The first week of November was originally going to involve a bunch of gigs in Belgium, but these were reduced to one gig, basically, largely because of a cancelation campaign going on against the person who was going to be the organizer of the tour.

Gigs we then had in Scandinavia went OK, but many had smaller crowds than they normally would have.  There are always many possible explanations for this phenomenon, but I'm sure restrictions to my Facebook account played a role, and I'm pretty sure the cancelation campaigning around my name online plays a role as well, even there.

One indication of that phenomenon at work in Scandinavia was the unexpected cancelation of our gig in Gothenburg.  It did end up happening, in a different venue -- the Gaza encampment at the university, the last in Europe, which was ended by the authorities there a week later.
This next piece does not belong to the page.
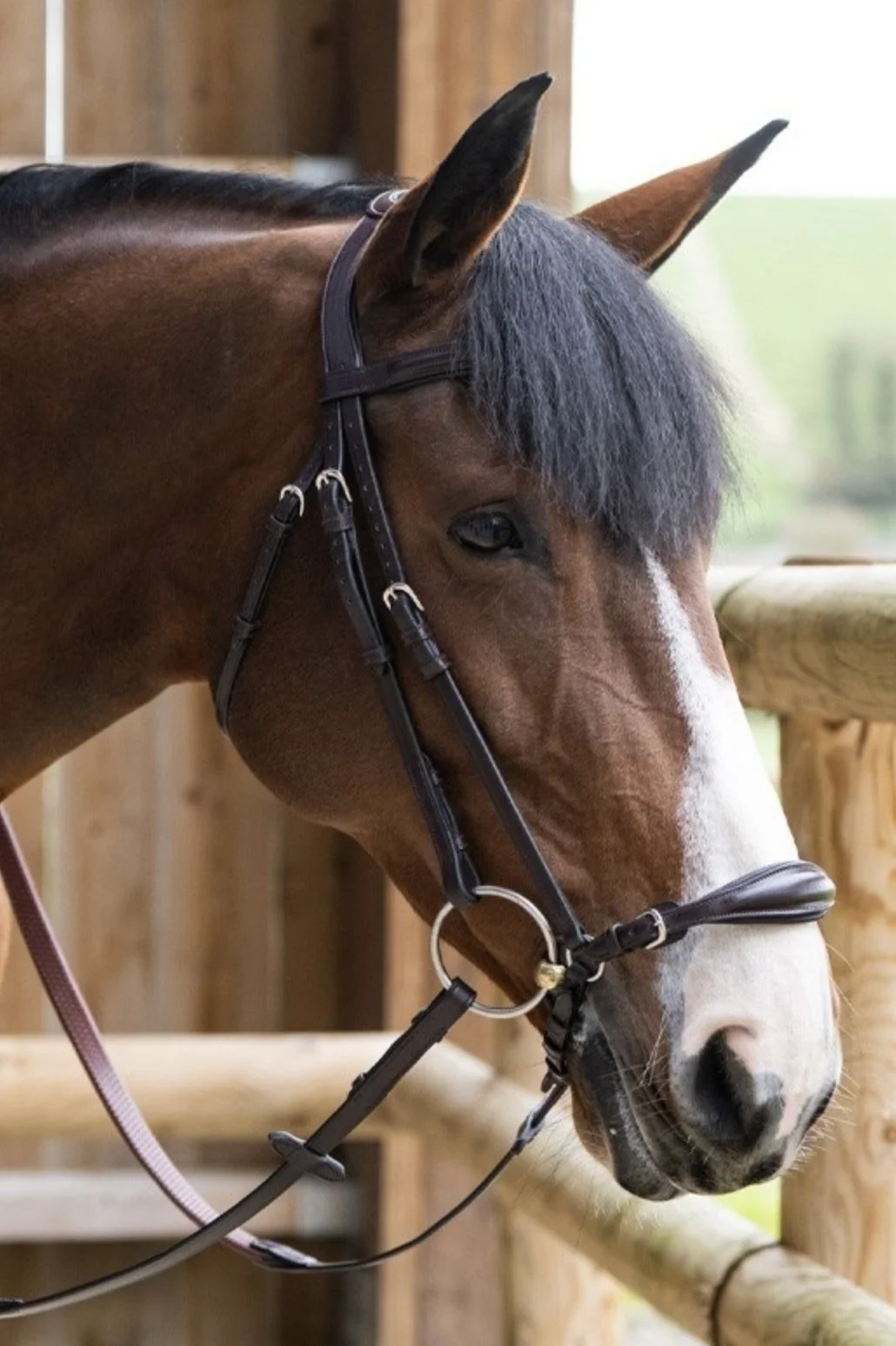 The noseband fastening features a small, discreet button, ensuring easy handling and a clean, elegant finish.

Originally, however, it was to happen at the Syndicalist Forum.  Then the Syndicalist Forum was informed by the usual trolls -- about whom they were warned in advance -- that I'm a bad guy.  Unusually for Scandinavian leftists, they believed this nonsense, and then canceled the gig, last-minute, with no offer to compensate me for my losses.  An altogether un-Scandinavian occurrence, and I suspect there's an American involved, but whatever, a gig cancelation resulting from online trolling happened in Scandinavia, too, for the first time, in November, 2024.

While we were traveling through Scandinavia we also listened to an audiobook.  This time Betty Medsger's book, The Burglary, about the Citizens' Commission to Investigate the FBI, and their raid on the FBI offices in Media, Pennsylvania in 1971 that revealed Cointelpro to the world.

As with Invisible Rulers, The Burglary represented some useful hours spent listening and talking and thinking about the sorts of infiltration, dirty tricks, and disinformation the FBI has been engaged in on such a massive scale, mainly targeting the American left, since its inception as a secret police agency.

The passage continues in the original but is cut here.